WHAT IS EXPECTED:
Excerpt from the entries below: please repeat exactly the lines from the one containing "接货、收货、装货、发货……公" through the last one, both ends included, with no pictures.

RECORDS:
= Beginning of Section =

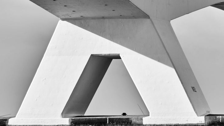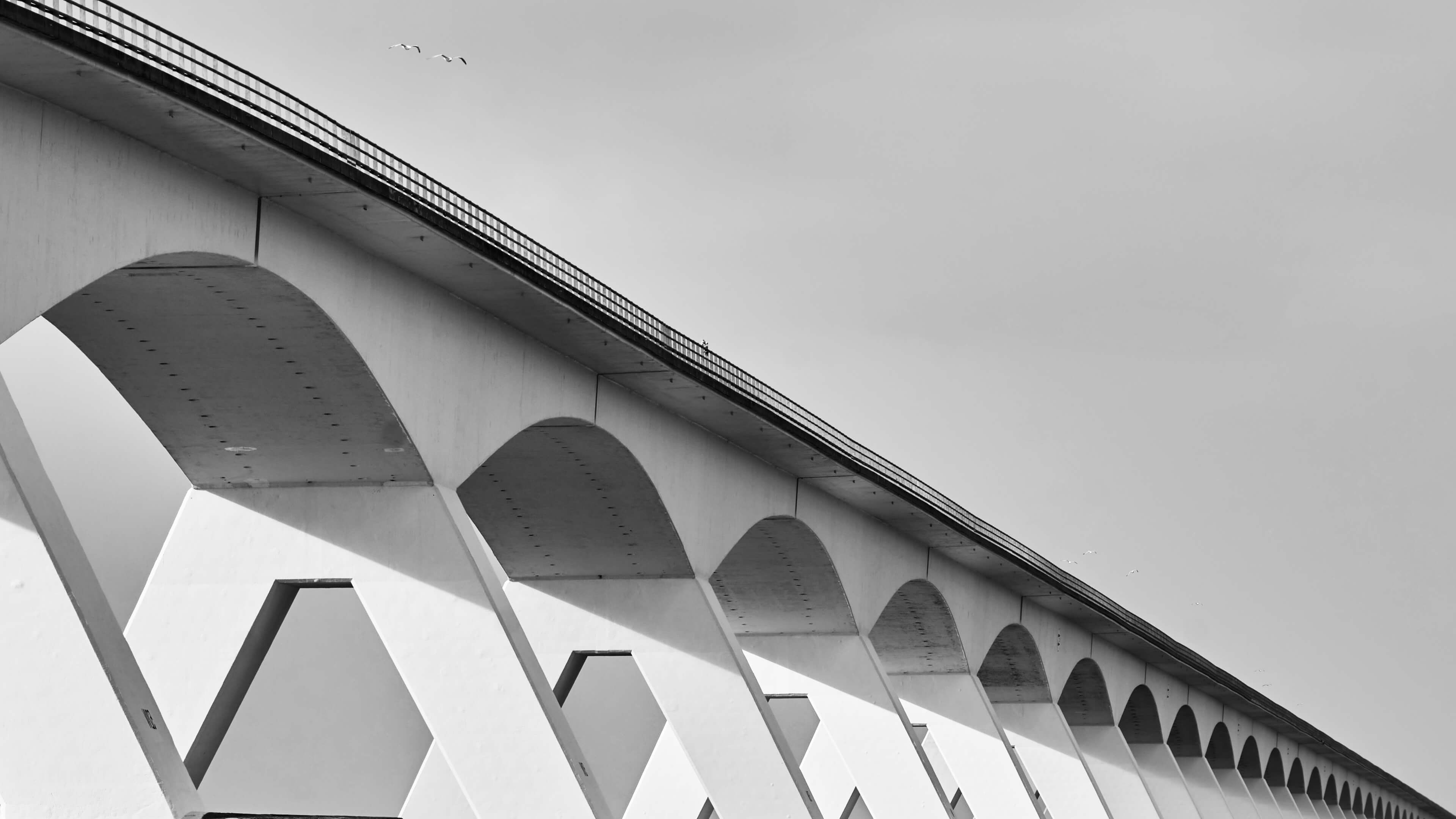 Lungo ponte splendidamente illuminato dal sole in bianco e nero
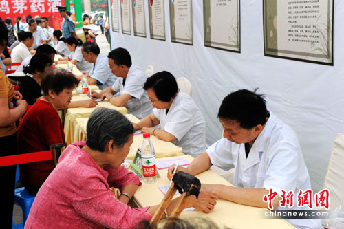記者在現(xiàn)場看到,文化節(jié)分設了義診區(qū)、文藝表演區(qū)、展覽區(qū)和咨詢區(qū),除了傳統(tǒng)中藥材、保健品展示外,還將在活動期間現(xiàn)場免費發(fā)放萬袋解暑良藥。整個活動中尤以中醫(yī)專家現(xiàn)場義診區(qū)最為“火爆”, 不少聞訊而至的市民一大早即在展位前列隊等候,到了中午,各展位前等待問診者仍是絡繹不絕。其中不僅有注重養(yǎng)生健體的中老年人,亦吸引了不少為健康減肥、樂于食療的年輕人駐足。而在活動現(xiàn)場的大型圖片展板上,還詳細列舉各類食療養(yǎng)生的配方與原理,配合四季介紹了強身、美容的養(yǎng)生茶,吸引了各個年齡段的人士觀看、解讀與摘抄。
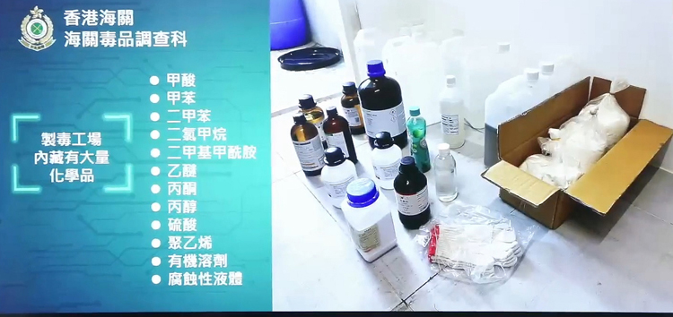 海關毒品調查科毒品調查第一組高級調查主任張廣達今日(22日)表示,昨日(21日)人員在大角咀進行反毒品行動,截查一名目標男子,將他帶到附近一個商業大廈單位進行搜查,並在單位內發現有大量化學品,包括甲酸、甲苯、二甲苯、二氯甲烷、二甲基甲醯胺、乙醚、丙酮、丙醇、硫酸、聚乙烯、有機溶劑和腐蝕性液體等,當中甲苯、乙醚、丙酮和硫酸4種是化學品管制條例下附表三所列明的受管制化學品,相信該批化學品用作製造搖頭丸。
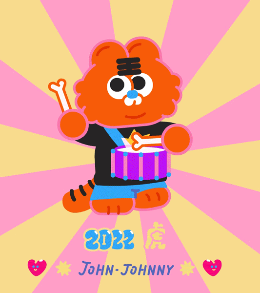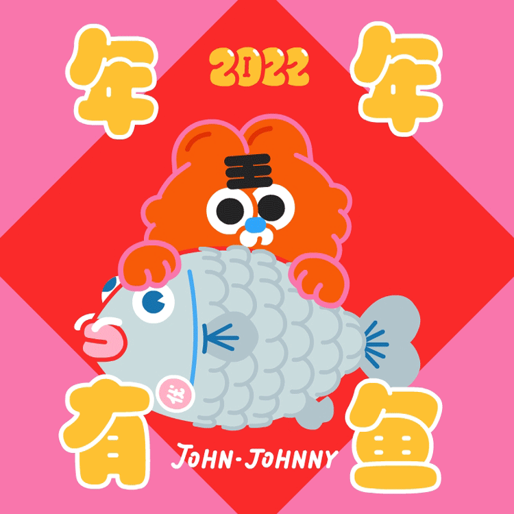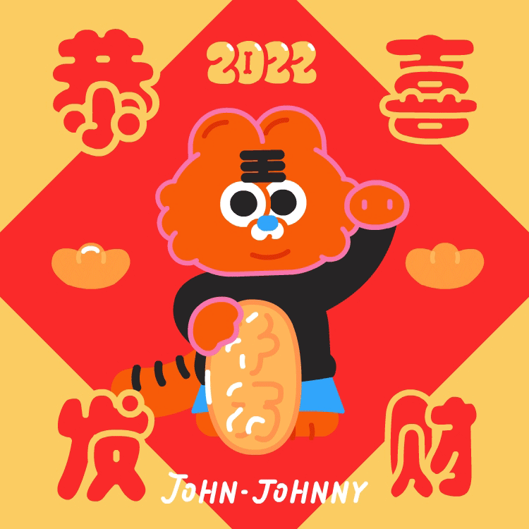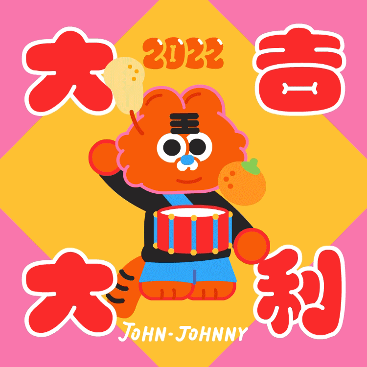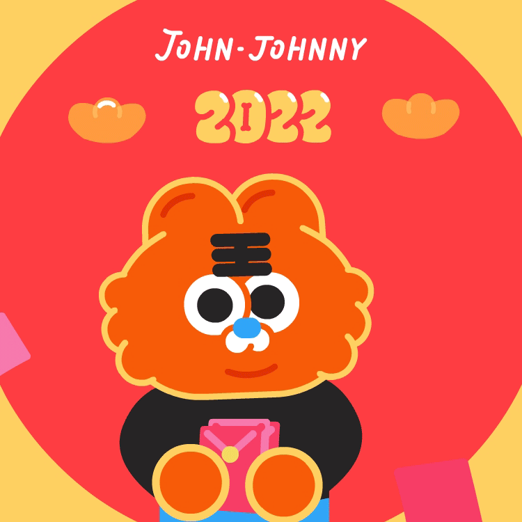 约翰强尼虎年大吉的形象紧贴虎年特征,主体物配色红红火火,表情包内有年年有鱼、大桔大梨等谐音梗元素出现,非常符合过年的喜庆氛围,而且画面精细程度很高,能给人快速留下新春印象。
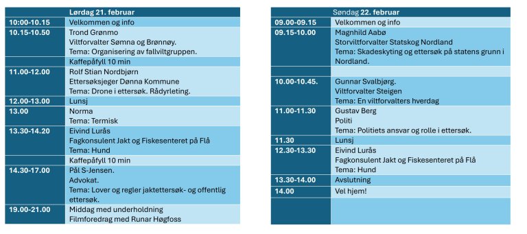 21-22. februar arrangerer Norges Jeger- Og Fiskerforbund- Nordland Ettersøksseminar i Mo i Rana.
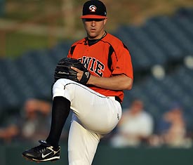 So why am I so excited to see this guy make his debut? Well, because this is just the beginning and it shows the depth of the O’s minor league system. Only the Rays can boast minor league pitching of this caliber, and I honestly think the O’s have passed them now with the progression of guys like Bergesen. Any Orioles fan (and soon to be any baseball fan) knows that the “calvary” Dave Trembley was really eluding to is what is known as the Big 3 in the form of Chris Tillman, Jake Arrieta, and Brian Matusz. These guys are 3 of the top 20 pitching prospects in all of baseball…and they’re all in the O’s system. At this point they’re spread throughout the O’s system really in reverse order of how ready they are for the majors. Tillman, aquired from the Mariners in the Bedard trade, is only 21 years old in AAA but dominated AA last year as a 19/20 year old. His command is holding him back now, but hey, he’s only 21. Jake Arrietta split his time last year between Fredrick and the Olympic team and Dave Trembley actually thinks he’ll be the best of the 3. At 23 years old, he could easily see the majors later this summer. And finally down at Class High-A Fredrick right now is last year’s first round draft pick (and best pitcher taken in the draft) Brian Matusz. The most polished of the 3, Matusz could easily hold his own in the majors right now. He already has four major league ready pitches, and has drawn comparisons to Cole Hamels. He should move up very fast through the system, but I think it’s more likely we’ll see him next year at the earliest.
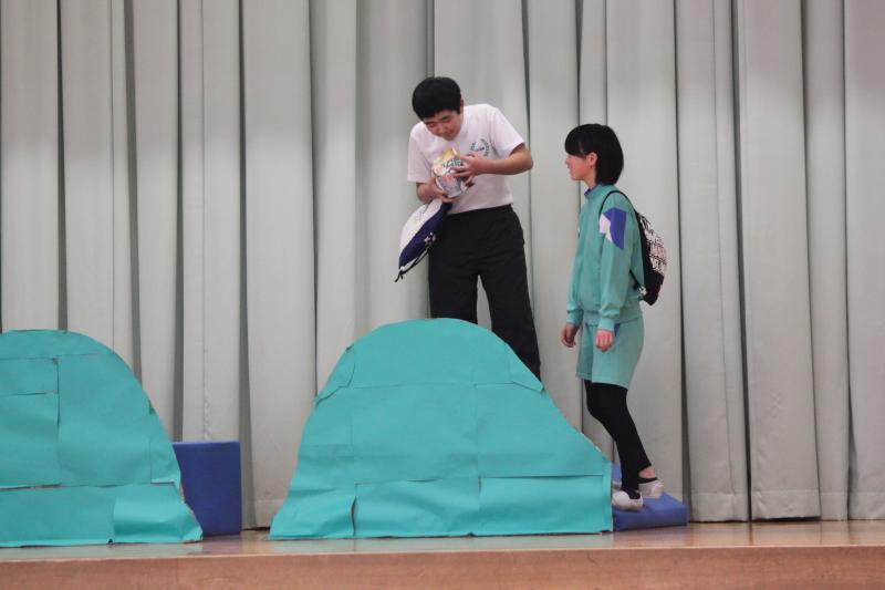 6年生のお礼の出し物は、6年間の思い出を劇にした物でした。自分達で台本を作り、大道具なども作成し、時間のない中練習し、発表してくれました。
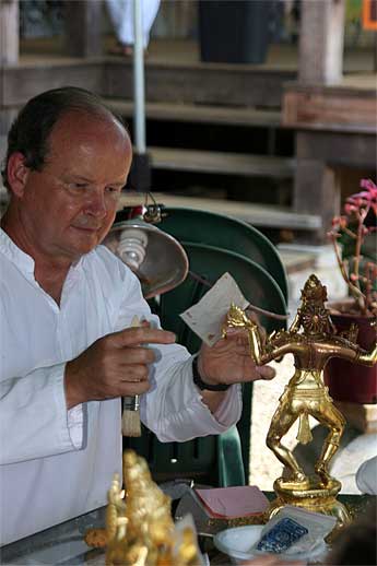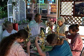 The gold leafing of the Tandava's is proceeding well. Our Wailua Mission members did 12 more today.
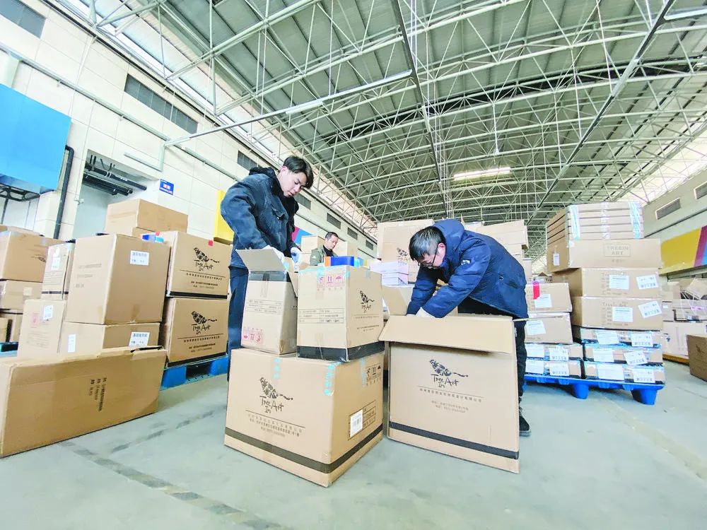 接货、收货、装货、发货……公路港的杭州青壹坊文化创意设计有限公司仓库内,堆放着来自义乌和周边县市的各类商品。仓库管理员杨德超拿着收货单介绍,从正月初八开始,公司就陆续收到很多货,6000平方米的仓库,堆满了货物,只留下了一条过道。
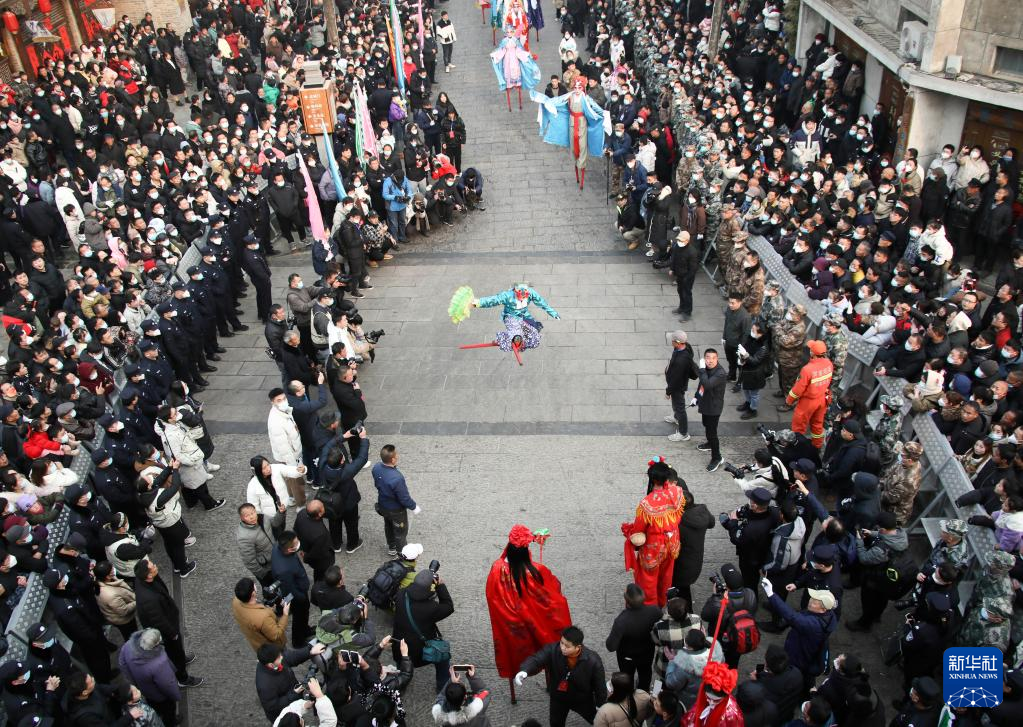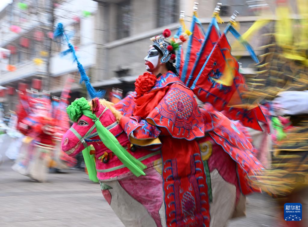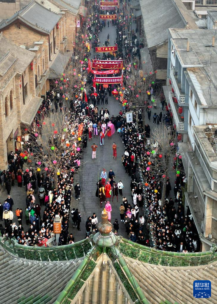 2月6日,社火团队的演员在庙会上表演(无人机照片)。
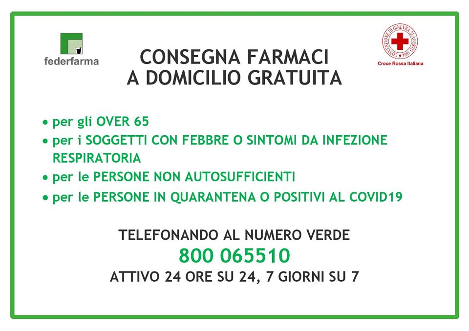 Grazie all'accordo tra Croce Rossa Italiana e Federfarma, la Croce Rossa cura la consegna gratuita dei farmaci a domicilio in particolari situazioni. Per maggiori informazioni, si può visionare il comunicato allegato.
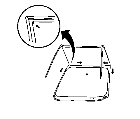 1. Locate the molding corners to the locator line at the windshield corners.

= End of Section =

YOUR SOLUTION:
 接货、收货、装货、发货……公路港的杭州青壹坊文化创意设计有限公司仓库内,堆放着来自义乌和周边县市的各类商品。仓库管理员杨德超拿着收货单介绍,从正月初八开始,公司就陆续收到很多货,6000平方米的仓库,堆满了货物,只留下了一条过道。
 2月6日,社火团队的演员在庙会上表演(无人机照片)。
 Grazie all'accordo tra Croce Rossa Italiana e Federfarma, la Croce Rossa cura la consegna gratuita dei farmaci a domicilio in particolari situazioni. Per maggiori informazioni, si può visionare il comunicato allegato.
 1. Locate the molding corners to the locator line at the windshield corners.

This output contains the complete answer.